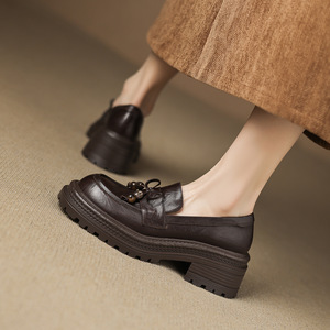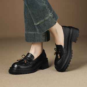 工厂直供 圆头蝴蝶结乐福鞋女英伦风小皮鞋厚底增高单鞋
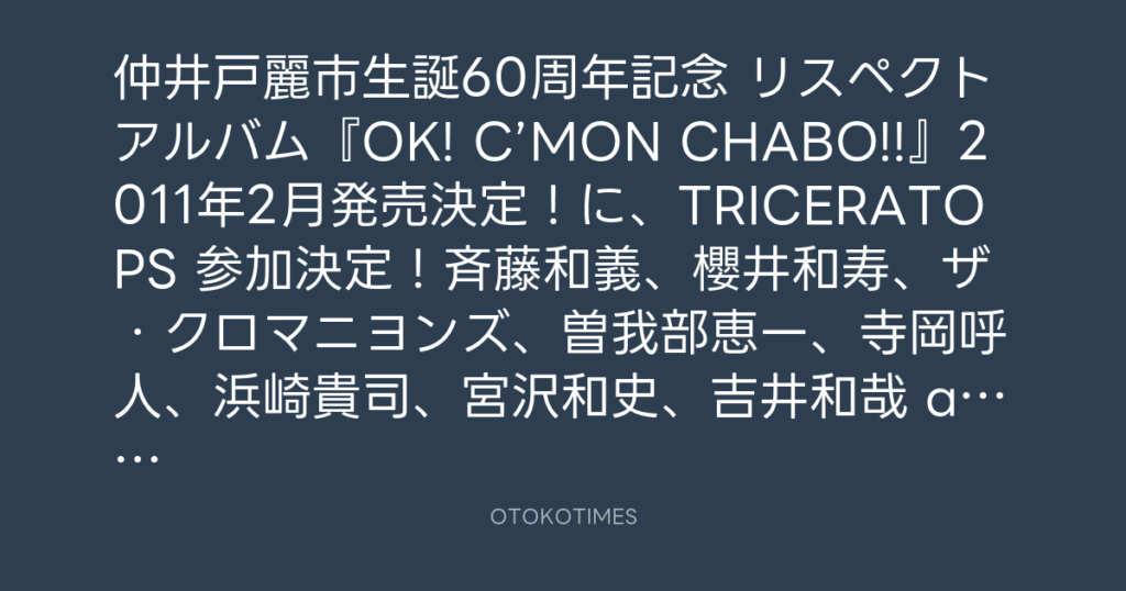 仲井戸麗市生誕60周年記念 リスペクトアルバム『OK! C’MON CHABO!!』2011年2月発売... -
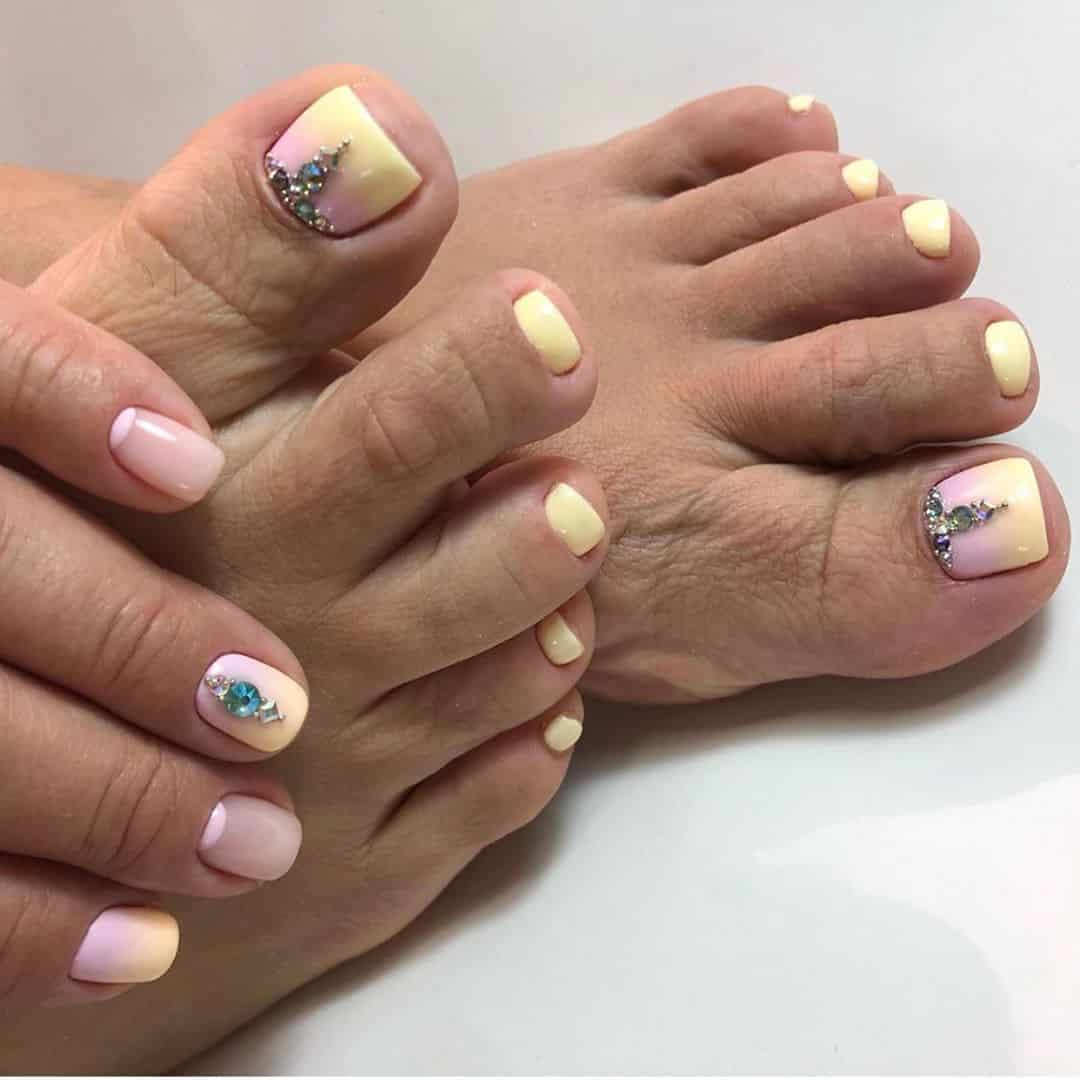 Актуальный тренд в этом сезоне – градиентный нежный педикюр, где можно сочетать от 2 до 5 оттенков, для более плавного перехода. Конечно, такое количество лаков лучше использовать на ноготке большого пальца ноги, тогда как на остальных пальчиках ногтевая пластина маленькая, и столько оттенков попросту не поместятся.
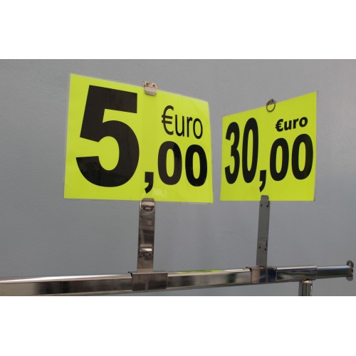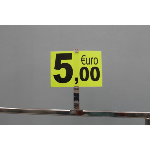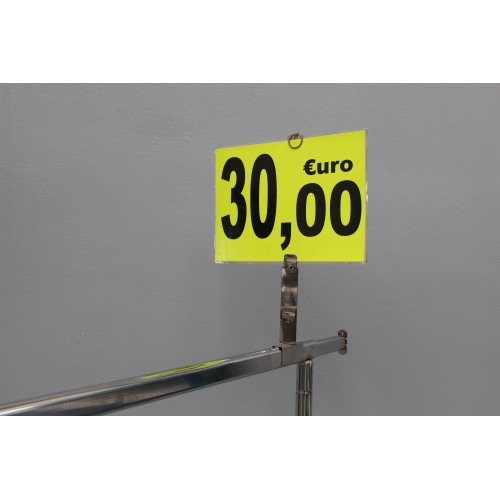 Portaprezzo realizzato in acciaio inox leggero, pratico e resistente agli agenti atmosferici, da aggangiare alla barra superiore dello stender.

ABOUT THIS TASK:
Without including any picture, write out the material above exactly.

TASK OUTPUT:
 工厂直供 圆头蝴蝶结乐福鞋女英伦风小皮鞋厚底增高单鞋
 仲井戸麗市生誕60周年記念 リスペクトアルバム『OK! C’MON CHABO!!』2011年2月発売... -
 Актуальный тренд в этом сезоне – градиентный нежный педикюр, где можно сочетать от 2 до 5 оттенков, для более плавного перехода. Конечно, такое количество лаков лучше использовать на ноготке большого пальца ноги, тогда как на остальных пальчиках ногтевая пластина маленькая, и столько оттенков попросту не поместятся.
 Portaprezzo realizzato in acciaio inox leggero, pratico e resistente agli agenti atmosferici, da aggangiare alla barra superiore dello stender.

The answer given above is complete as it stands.